• [EXERCISE DATA]
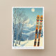 Hello from the snowy mountains of Powder Mountain, Utah, USA! We hope you're having a wonderful ski vacation. This postcard features a gorgeous blue-grey mountain landscape with retro ski boards in an orange tribal pattern.
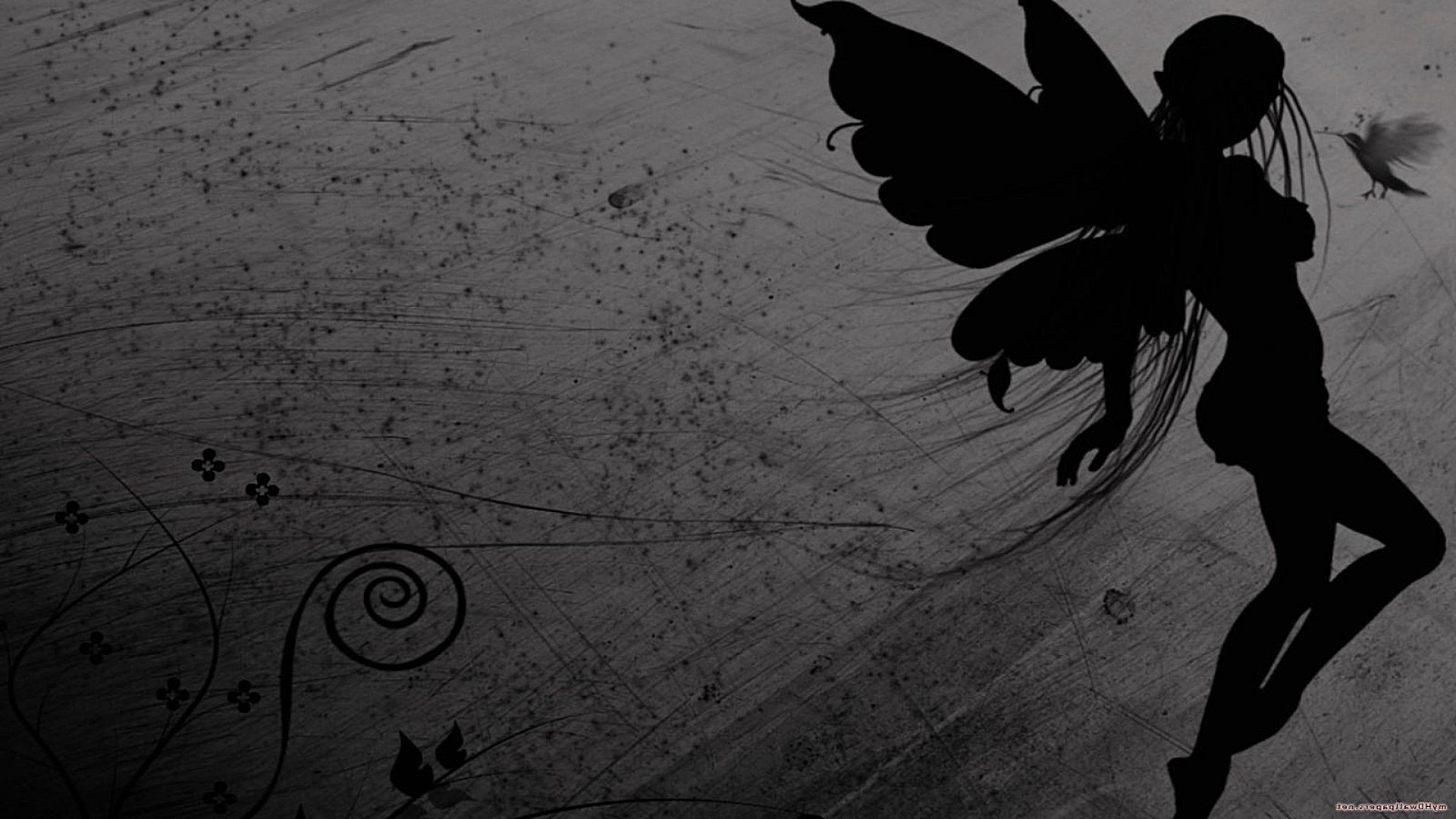 Silhueta de fadas e beija-flores na área de trabalhoSilhueta de fadas e beija-flores na área de trabalho
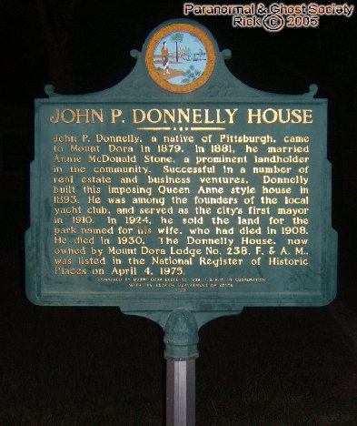 John P. Donnelly was a native of Pittsburgh and came to the Mount Dora area around 1879. In 1881 he married a woman by the name of Annie Mc Donald Stone which was a very prominent landholder in the community. She was very successful in real estate and business ventures. In 1893 he built the Donnelly house which was a Queen Anne Style House with three stories and a basement underground. He was the founder of the local Yacht club and served as the cities first mayor in 1910. Unfortunately in 1908 Donnelly's wife passed away. In 1924 he sold the land which would be dedicated to his wife for a park. Eventually he had passed away in 1930. Today the house is now the site of the Mount Dora Masonic Lodge #238. The house has an octagonal turret and a wrap around porch. It is absolutely gorgeous with stained glass windows, Masonic symbols engraved into some of the windows, weather vane's etc it is a real beautiful home. The house originally had 160 acres which John and had homesteaded. Their is a building on the local campus of the Montverde Academy that is named after him cause he made numerous contributions. The park which was purchased for 45,000 dollars from the city was established by the Mount Dora Woman's Club which was found in 1919. In 1926 two shuffle board courts were installed and organized mount Dora's first shuffleboard club. By 1960 the park had grown to have 22 courts. Today their is a time capsule in the park, memorial benches, a veteran memorial, tennis courts, and a recreational center for various town events. The Donnelly House was put on the national register of historic places in 1975 and the park was called the Annie E. Mc Donald Stone Donnell Park. Surrounding the park and house is downtown Mount Dora which is full of many small shops, historical mansions, dimly lit lamps which run along brick walkways, and many historical sites. It really is a very eerie yet amazing little area. Since the park serves as a focal point of the town its only natural for various energies to be present here and if that does not get to you the amazing Donnelly House will. © By Rick-LordOfThyNight
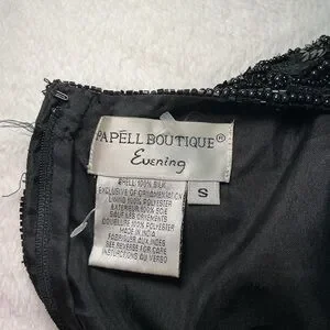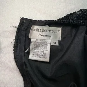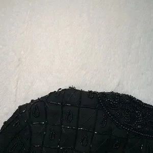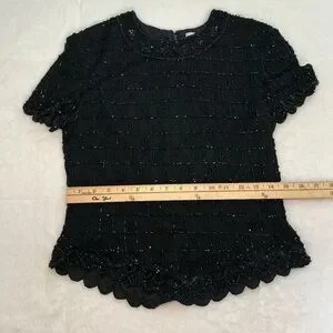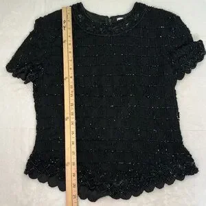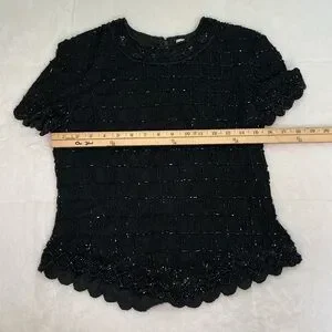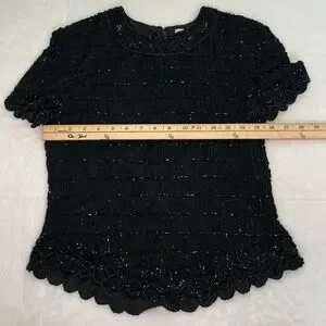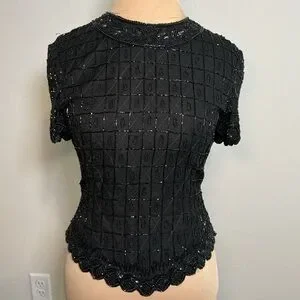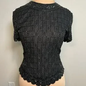 Elegant black short sleeve top with intricate beadwork and textured grid pattern. Scalloped hem and neckline add refined detail. Lightweight, dressy silhouette perfect for evening wear. Includes black bead embellishments for subtle sparkle. In good used condition but a couple treads coming undone, please see pictures for details
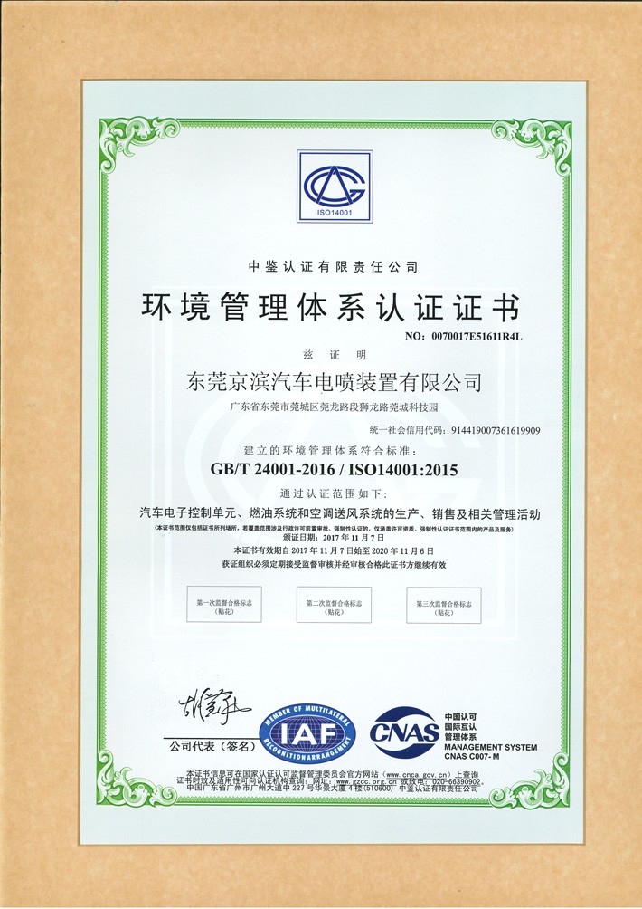 我司在2004年取得ISO9001品质认证,2005年取得ISO14001环境认证,2007年取得IS16949认证,2017年取得IATF16949认证。
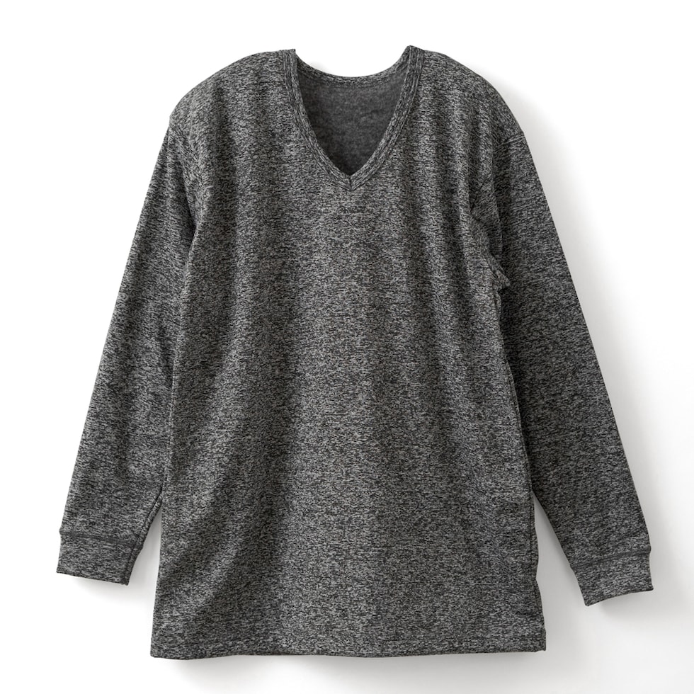 メンズ インナー シャツ 長袖 厚手 裏起毛 Vネック 杢カラー 秋冬 暖かい あったか あたたかい 厚地 厚い 保温 防寒 ストレッチ 杢柄 男性 紳士 下着 肌着 ブラック/チャコールグレー M/L/LL P0381C-RT
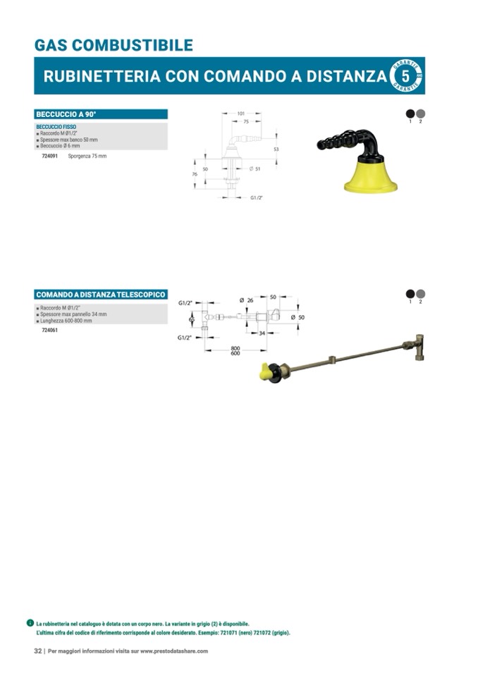 ʢ La rubinetteria nel cataloguo è dotata con un corpo nero. La variante in grigio (2) è disponibile.
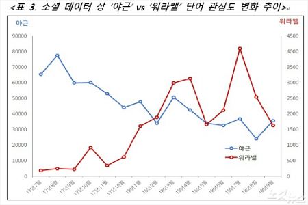 또 '야근'에 대한 언급량은 줄어든 반면, '워라밸'에 대한 언급량은 증가하고 있는 것으로 나타났다.
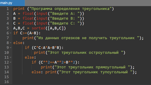 Ветвление - это один важных элементов алгоритмизации. Можно сказать, что это примитивный фильтр. Где отбор проходит по одному или нескольким условиям. Даже банальное сито - это своеобразный фильтр и как следствие вариант ветвления. По которому мы разделяем крупу, песок или что-то ещё. Сперва предыдущие задачи по данной теме: А теперь текущая задача: Задача 9: Дано: Даны действительные и положительные числа: A, B, C. Вводятся с клавиатуры. Задание 1: выявить можно ли получить треугольник с длинами сторон A, B, C...
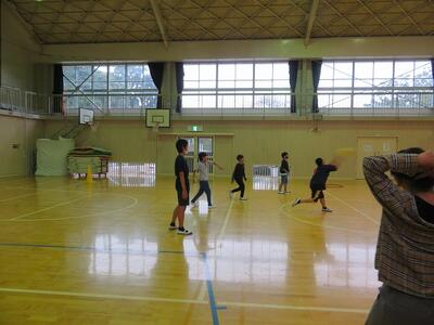 今日の2時間目、3年生と4年生の授業です。3年生は体育、体育館でのマット運動
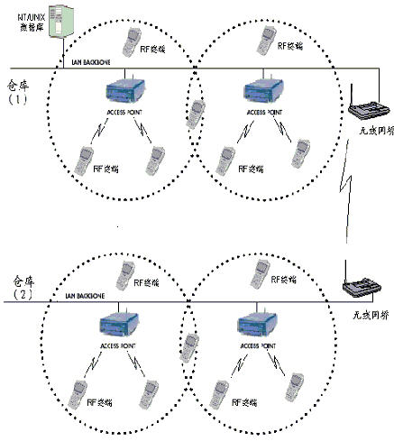 系統應用以集中服務為核心,針對于倉儲管理的需求,移動節點之間無須通信,在現場內部以無線RF網絡拓撲結構為訪問節點連接型。RF移動終端的操作區域遍及商店的各個角落,要求移動終端在商店內部的任何地點,都能和服務器主機保持實時的通訊。因此,在系統網絡架構中,必須保證安裝的 AP 點能對整個商店進行無線信號的全覆蓋。如果商店的面積較大,在進行無線網絡設計時,可以充分利用無線RF技術的網絡擴展能力和無縫漫游特性,對商店的無線信號進行多個AP 點的組合,即通過設置多個AP節點,作到信號的全覆蓋,而且相鄰AP之間互為冗余,提高無線網絡的可靠性。同時考慮到大型倉儲商店的辦公區可能與賣場不在同一區域,而且不便使用有線網絡連接,因此商店與辦公區之間可以采用無線網橋連接,使之成為統一的網絡體系,便于網絡的擴展和拆除。
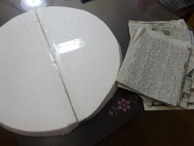 ↑↓丸めた新聞紙がある程度作れたら、今度はそれを土台に張っていきます
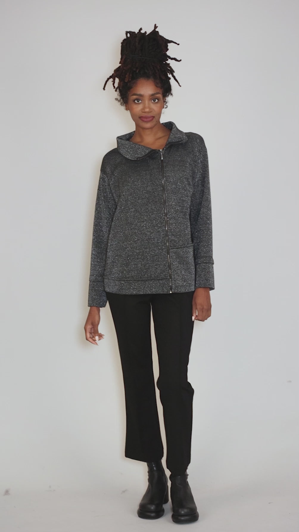 All the comfort of a French terry sweatshirt, with all the glamour of a night-out piece! Made in a mid-weight cotton fleece blend, this little jacket has a set-in shoulder, long sleeves and an off-center zip placket. Runs true to size to slightly roomy.
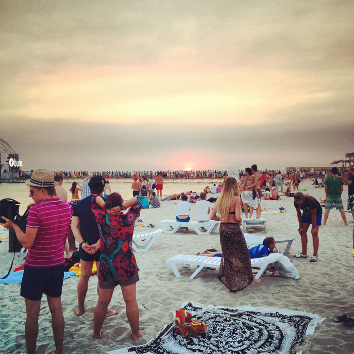 Врожденное любопытство заставило меня вооружиться биноклем, блокнотом и шпионской рацией уже к обеду. Палящее солнце не помеха. Первый объект — пляж за территорией КаZантипа. Здесь тихо и гораздо меньше людей. Жаль, что столько же медуз. Но разговоры о них уже порядком набили оскомину.
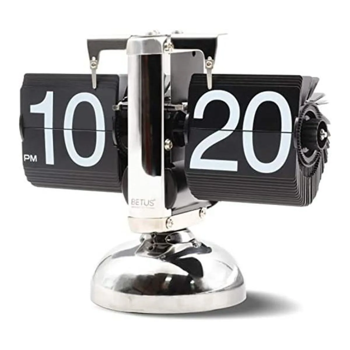 Betus Reloj de escritorio abatible, estilo mecánico retro, pantalla digital alimentada por pilas, decoración del hogar y la oficina, 8 x 6.5 x 3 pulgadas negro
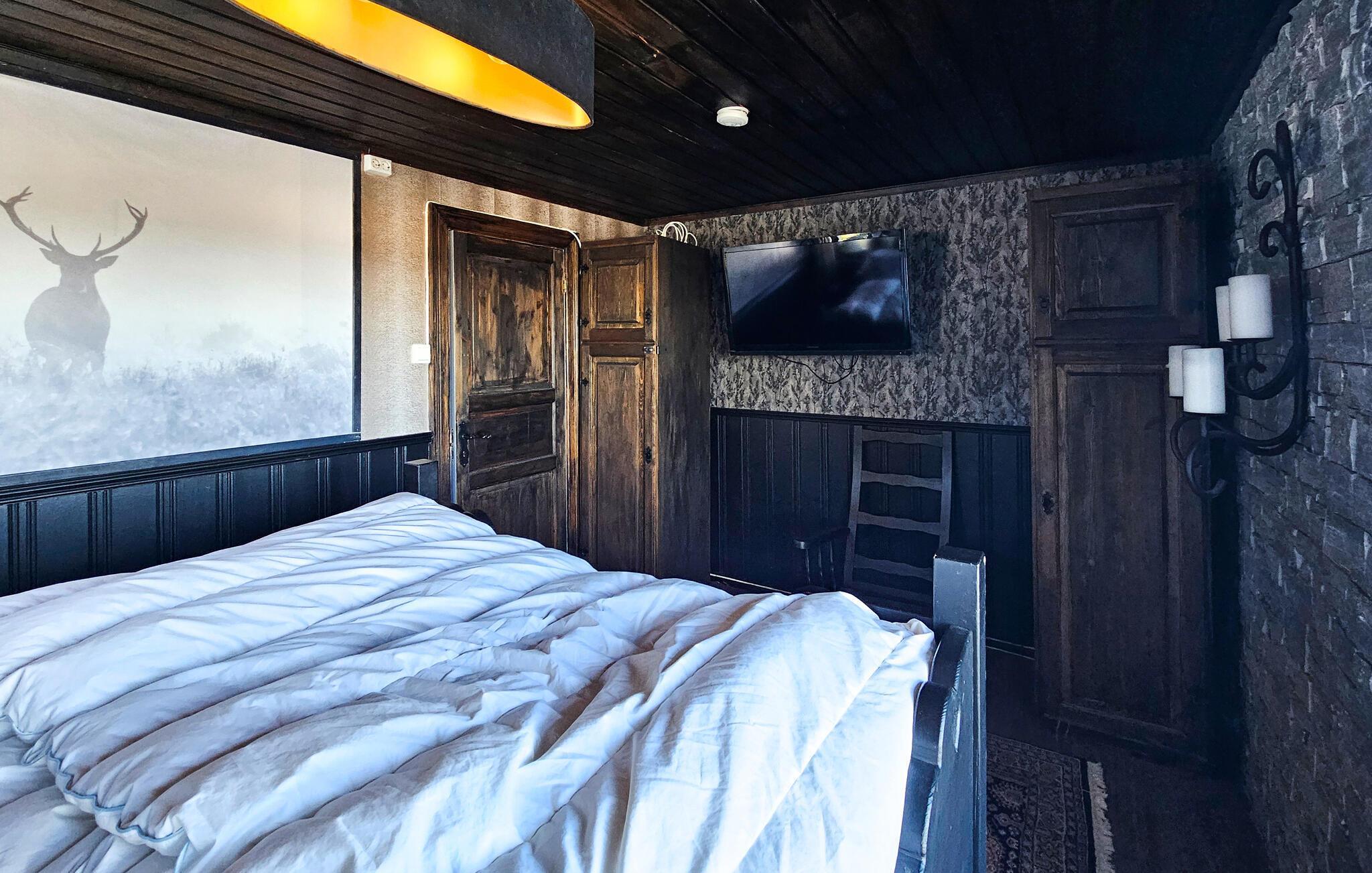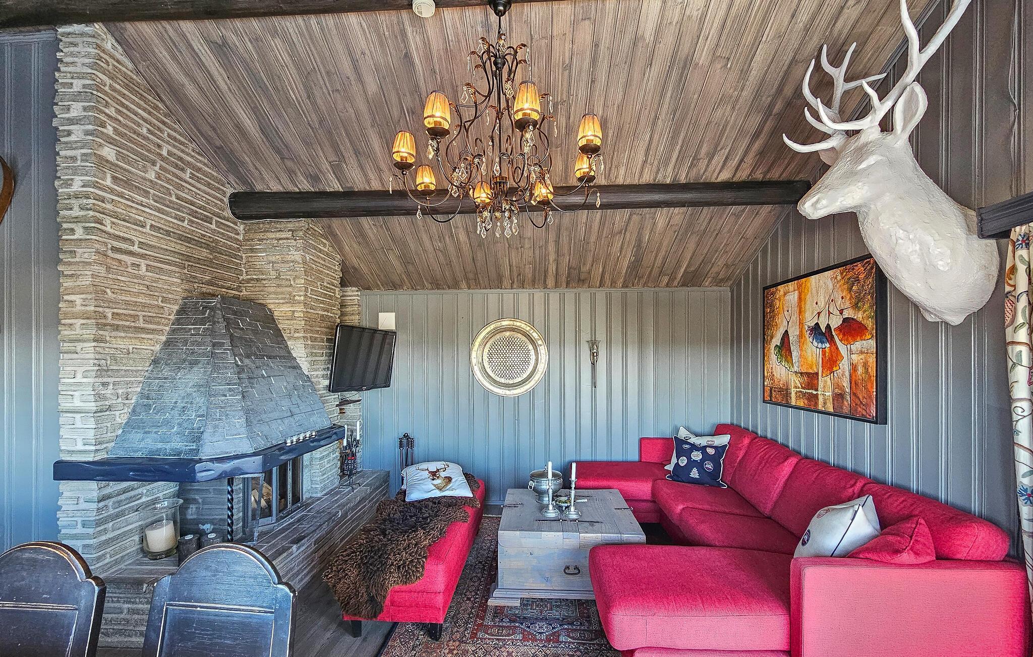Diese großzügige Hütte begrüßt Sie mit behaglich und stilvoll eingerichteten Räumlichkeiten, in denen Sie sich auch mit einer größeren Familie oder einer Gruppe von Freunden wohlfühlen werden. Zaubern Sie herzhafte Gerichte in der offenen Küche und freuen Sie sich auf gesellige Mahlzeiten am langen Esstisch. Gönnen Sie sich wohltuende Momente in der Sauna, lauschen Sie dem Knistern des Kamins bei einer guten Lektüre oder genießen Sie gemütliche Spieleabende im einladenden Wohnzimmer.
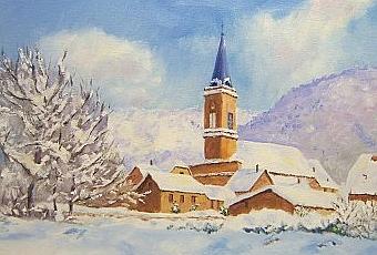 Paysage de neige, huile sur toile 50 X 70.

• [REQUIRED ACTION] Beginning with the line that contains "Betus Reloj de" and ending with the last line of the entries above, repeat each line exactly, but not the pictures.

• [RESPONSE TO THIS TASK]
 Betus Reloj de escritorio abatible, estilo mecánico retro, pantalla digital alimentada por pilas, decoración del hogar y la oficina, 8 x 6.5 x 3 pulgadas negro
Diese großzügige Hütte begrüßt Sie mit behaglich und stilvoll eingerichteten Räumlichkeiten, in denen Sie sich auch mit einer größeren Familie oder einer Gruppe von Freunden wohlfühlen werden. Zaubern Sie herzhafte Gerichte in der offenen Küche und freuen Sie sich auf gesellige Mahlzeiten am langen Esstisch. Gönnen Sie sich wohltuende Momente in der Sauna, lauschen Sie dem Knistern des Kamins bei einer guten Lektüre oder genießen Sie gemütliche Spieleabende im einladenden Wohnzimmer.
 Paysage de neige, huile sur toile 50 X 70.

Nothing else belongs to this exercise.